Black Rhapsody
—an excerpt—
“Hough, what are you thinking about?” asked Kate, his sister, as she stepped back from her canvas and looked at it. Kate has been in one of her silent moods lately; she usually doesn't ask any questions at times like these. He really thought she was improving after she graduated with her Bachelor of Fine Arts, but she isn't any different than she was. She started painting on black canvases instead of white ones. She worked on the surfaces with quinacridone crimson, shaded ultra marine blue. Her work turned black when Wendy died at the end of Kate’s second year at university.
“Mari Lisa,” Hough said.
“Who is that? I didn't think you had a girl right now.”
“You know, Mari Lisa, from Hinton.” The small town they grew up in with the Rocky
Mountains to the west. They were in the foothills, the cool breezes in summer and the chinook winds from the west coast blowing through the mountains that melted the snow deep in winter.
Kate stepped forward and began painting the canvass again. She worked with no lines marking her face. This was the way she had been for several years now. She would be silent unless Hough prompted her.
“You remember,” Hough pleaded. She acted as if the placement of more black and dark blue paint on her canvass was more important than what Hough said. “You remember that way she used to take off running when her mother wanted her to do anything around the house. We would hear a loud yell, a scream, but see nothing for a moment, then, Mari Lisa would come running down their driveway and her mother would be right behind?”
They used to say that if Mari Lisa could make it to the sidewalk she would have made it, but it was always those first few steps that were dangerous.
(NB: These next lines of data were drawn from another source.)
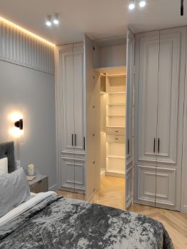 - вся встраиваемая мебель изготовлена в частной мелкосерийной мебельной мастерской, фасады в натуральном шпоне (эвкалипт, американский орех) и итальянской эмали, фасадов в пленке нет;
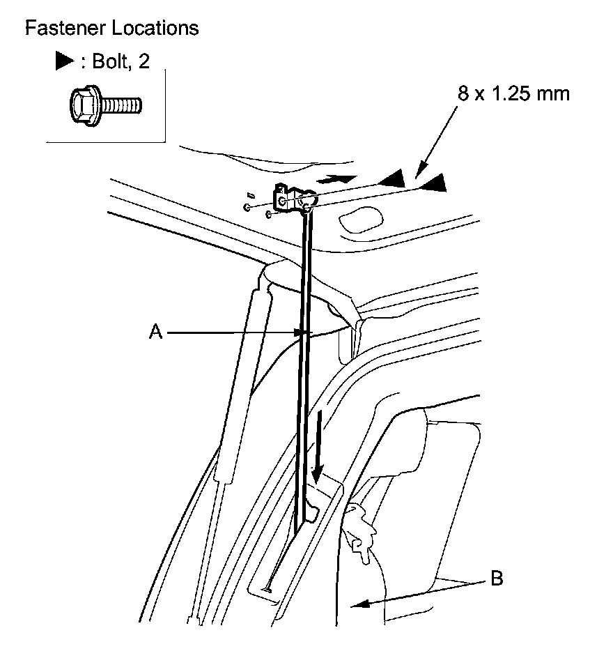 2. With power tailgate: Remove the pivot bracket mounting bolts, then lay the power tailgate rod (A) against the D-pillar trim (B).
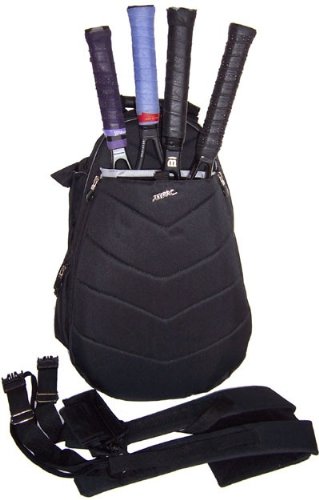 This roomy two-strap tennis bag was designed as a backpack with a comfortable waist strap for better support. This bag has padded straps for increased comfort as well as a heavy duty handle to carry the bag in hand. This pack includes two separate compartments that will hold four or more racquets. The main compartment on the deluxe two strap is very spacious with six individual pockets to hold personal items. This bag features an insulated water cooler, two zipper pockets on the back of the bag, built in fence hooks, pocket to tuck away waist strap, cell phone holder, ID holder and YKK zippers. Dimensions: 21L x 13W x 19D
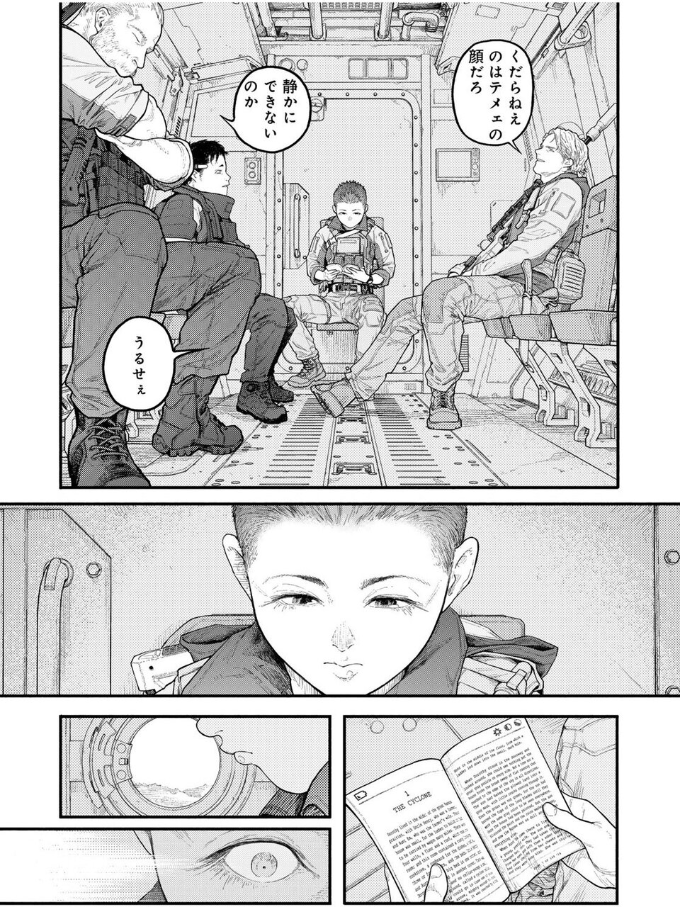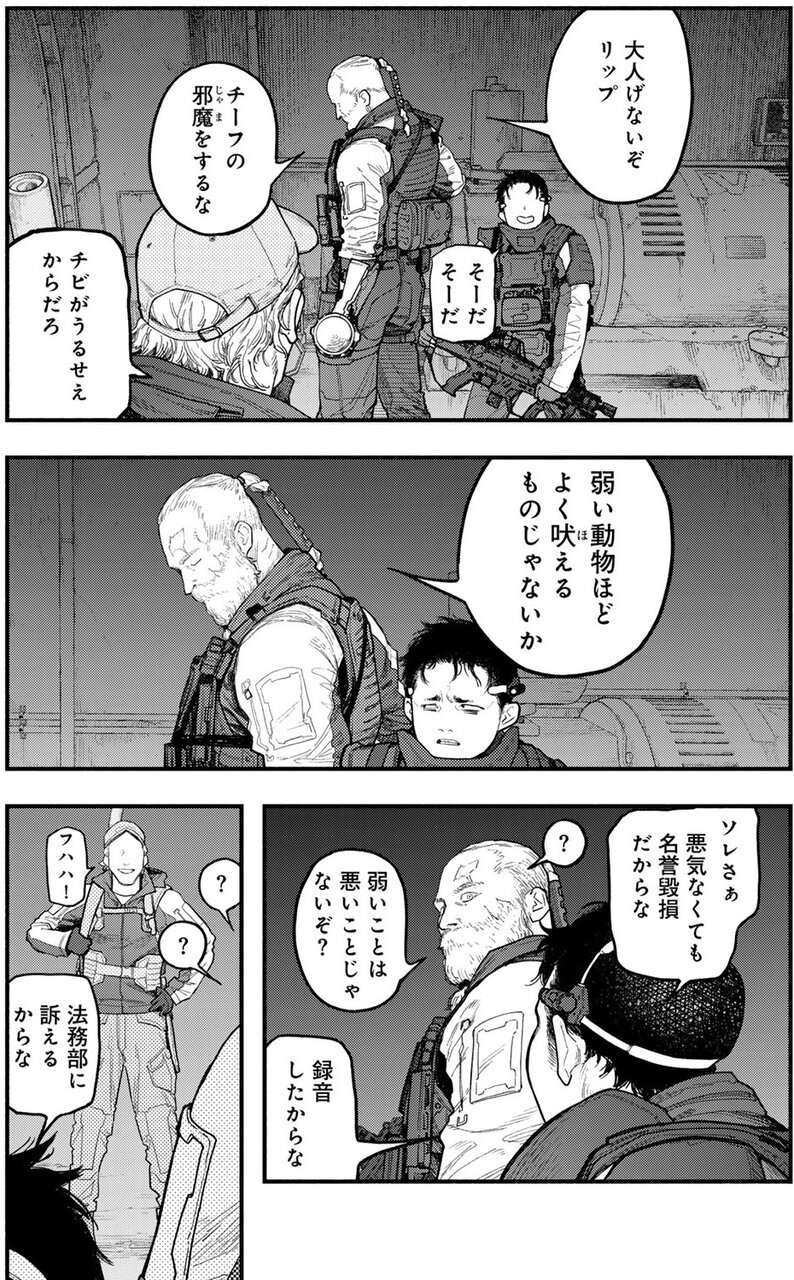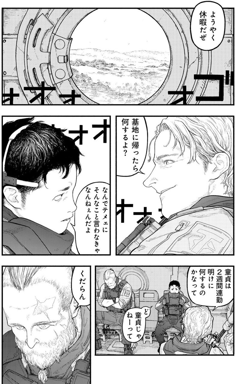 茶化す人、反抗する人、低レベルな会話を一刀両断する人、我関せず&クール、そしてその座り位置から彼らの上に立つ存在であることがうかがえる人。個性や部隊内での関係性も見えてくる、密度の濃いページです。もちろん、この後の展開で各キャラクターたちはより深く描かれ、さらにその魅力を感じることができます。物語の入り口で、最短距離にて人物紹介をする、その構成力に痺れました。

Mari Lisa could stumble on her shoes that she hadn't quite got on, or sometimes the breeze would lift her jacket to her mother’s hand.
Kate remained silent as Hough told her about it. She used to love those days. There was an excuse to go to the playground; a chance to run down the streets and not tell anyone. Moments of freedom. Hough listened to the quiet hissing sound of the brush applying acrylic paint.